Psychology and Special Education

Date of Award

Summer 2023


The current study is among undergraduate students at a mid-sized regional doctoral-granting four-year public university in the Southwestern United States. The purpose of the study was to compare the self-efficacy and sense of belonging of students who experienced a transition program before beginning their college careers to those who did not. Utilizing an ex post facto design to investigate the relations, quantitative data was gathered using the College Self-Efficacy Inventory (Solberg et al., 1993) and Psychological Sense of School Membership scale (Goodenow, 1993). Using the independent samples t-test to compare the self-efficacy and the Mann Whitney U test sense of belonging of participants in the transition program experience versus non-experience groups. The results indicated no statistically significant difference in self-efficacy or sense of belonging between the experience and non-experience groups.
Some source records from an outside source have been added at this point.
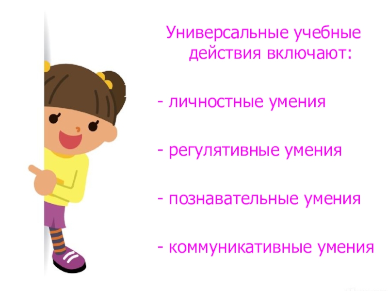 Универсальные учебные действия включают:   - личностные умения   - регулятивные умения   -
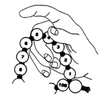 The japa mala is traditionally held in the right hand. Your index finger does not touch the mala. You begin with the first bead next to the head bead, and while gently rolling the bead back and forth between the thumb and middle finger of your right hand, you chant:
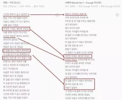 17日,据媒体报道,最近发表的Enough的歌曲《致你》抄袭了EXO成员D.O.于2014年演唱的电影CART的OST《呐喊》中的数句歌词。
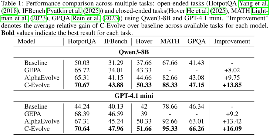 实验表明,C-Evolve同时适用于以Qwen3-8B为代表的开源模型和以GPT-4.1-mini为代表的闭源模型,并提升包括检索问答、数学推理、指令遵从在内的一系列任务性能。

A two-way ANOVA was used to examine the main effects and interactions of the dependent variables (college self-efficacy and sense of belonging) and the independent variables (race/ethnicity and experience group versus non-experience group). The experience groups consisted of three transition programs (Program S, Program B, and Program R) offered at the research site. The results indicated a statistically significant interaction in self-efficacy, but no statistically significant interaction in sense of belonging between programs when comparing race/ethnicity and program participation.